J.C. Penney Co. (JCP:US) will be allowed to sell unbranded items designed by Martha Stewart’s company in certain categories exclusive to Macy’s Inc. after a New York state judge denied Macy’s bid for an order blocking the sale.
New York State Supreme Court Justice Jeffrey Oing today declined to expand an earlier preliminary injunction to cover products designed by Martha Stewart Living Omnimedia Inc. (MSO:US) and sold at J.C. Penney that aren’t branded with the Stewart name.
Oing said Macy’s, the second-biggest U.S. department-store chain, hadn’t shown that it would suffer irreparable harm if J.C. Penney was allowed to sell the unbranded goods. The judge said his earlier injunction issued in July applied only to goods branded with Martha Stewart’s name in categories exclusive to Macy’s, such as cookware and bedding.
“I cannot ignore the reality of harm to J.C. Penney even if it results from its own acts,” Oing said in denying the injunction, adding that the company could still face damages for lost profits if Macy’s prevails in the case.
Macy’s is suing both Martha Stewart Living and J.C. Penney, alleging that sales of products designed by Stewart’s company in J.C. Penney stores violates an exclusivity deal between Martha Stewart and Macy’s signed in 2006.
Macy’s had asked Oing to broaden a preliminary injunction he issued in July that blocked Martha Stewart Living from selling goods with the Stewart name at J.C. Penney in categories exclusive to Macy’s, including soft home goods and cookware.
Macy’s wanted Oing to extend the injunction to cover goods designed by Stewart’s New York-based company that don’t carry her name, which Plano, Texas-based J.C. Penney plans to sell under the name “JCP Everyday.”
“We’re going to appeal,” Ted Grossman, an attorney with Jones Day representing Cincinnati-based Macy’s, told reporters after the judge’s ruling. “We’re going to seek a stay and we’re going to do it immediately. We believe the court was in error and we expect a reversal.”
Jim Sluzewski, a Macy’s spokesman, said he expects the appeal to be filed April 15.
“We are disappointed in today’s decision, which is, by its nature, a preliminary ruling and not a final determination of Macy’s claims,” Sluzewski said in an e-mailed statement. “We are confident of a successful outcome in the appeal and ultimately in the litigation.”
The ruling means that J.C. Penney can start selling products designed by Martha Stewart Living in the categories exclusive to Macy’s under the name of “JCP Everyday” at least until the end of the trial.
Deborah Weinswig, an analyst with Citi Investment Research in New York, said in a note to investors last week saying that J.C. Penney may have taken a $100 million “hit” if it had to liquidate the inventory it already purchased.
J.C. Penney is pleased with the ruling and believes the JCP Everyday products “will be a compelling part of our overall home assortment, complementing brands such as Royal Velvet, Happy Chic by Jonathan Adler, Bodum and others,” the company said in a statement.
Oing declined to hear a request from Macy’s to enforce the injunction issued in July in connection with plastic partyware being sold at J.C. Penney under the name “MarthaCelebrations.” However, he warned lawyers for Penney to avoid any mention of Stewart’s name in connection with the unbranded merchandise.
“You are to stay away from the Martha Stewart brand and label at all costs in the exclusive categories,” Oing said.
The three sides returned to court this week to resume a trial of Macy’s lawsuits following a month-long break, during which mediation efforts ordered by Oing were unsuccessful.

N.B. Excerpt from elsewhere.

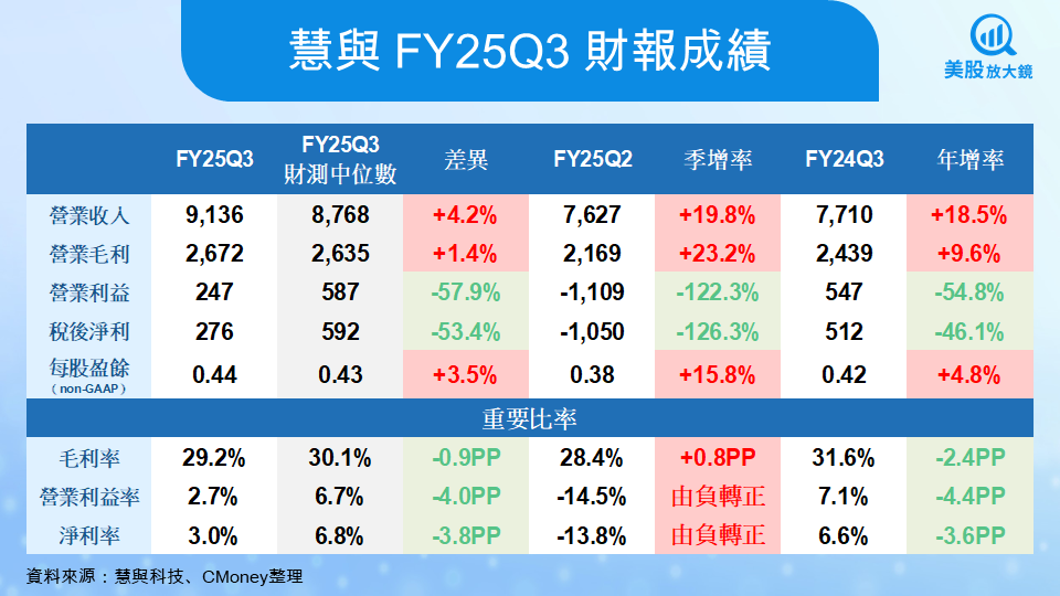 慧與在 FY25Q3 繳出歷史新高的成績,營收達 91 億美元,年增 18.5%,顯著優於市場預估的 87 億美元。Non-GAAP EPS 為 0.44 美元,同樣高於分析師預期的 0.43 美元。毛利率為 29.9%,雖然比上一季改善 0.8 個百分點,但仍較去年同期下滑 1.9 個百分點,顯示營收擴張的同時,獲利能力仍面臨挑戰。

The trial, which began Feb. 20, has featured testimony from Martha Stewart, Macy’s Chairman Terry Lundgren and former J.C. Penney Chief Executive Officer Ron Johnson, who was ousted the same day the trial resumed.
J.C. Penney in December 2011 acquired a 17 percent stake in Martha Stewart Living for $38.5 million. Macy’s, which has sold Martha Stewart-branded home goods since 2007, sued her company the following month, saying it had the exclusive right to sell items in certain categories including bedding and cookware. Macy’s sued J.C. Penney about three months later.
Lawyers for Macy’s have argued that J.C. Penney is trying to “reap the rewards” of its work with the Martha Stewart brand, which the chain said it rebuilt after Stewart’s release from prison in 2005, when her products were sold at Kmart.
Martha Stewart Living has defended its agreement with J.C. Penney, accusing Macy’s of breach of contract and saying the retailer stocked and priced Martha Stewart products in a manner that favors private-label brands. Martha Stewart Living also said Macy’s couldn’t have exercised a five-year renewal option in January 2012 because of the breach.
The three sides are scheduled to return to Oing’s courtroom on April 16 to determine the status of the case.
The cases are Macy’s Inc. (M:US) v. Martha Stewart Living Omnimedia Inc., 650197/2012; Macy’s Inc. v. J.C. Penney Corp., 652861/2012, New York State Supreme Court (Manhattan).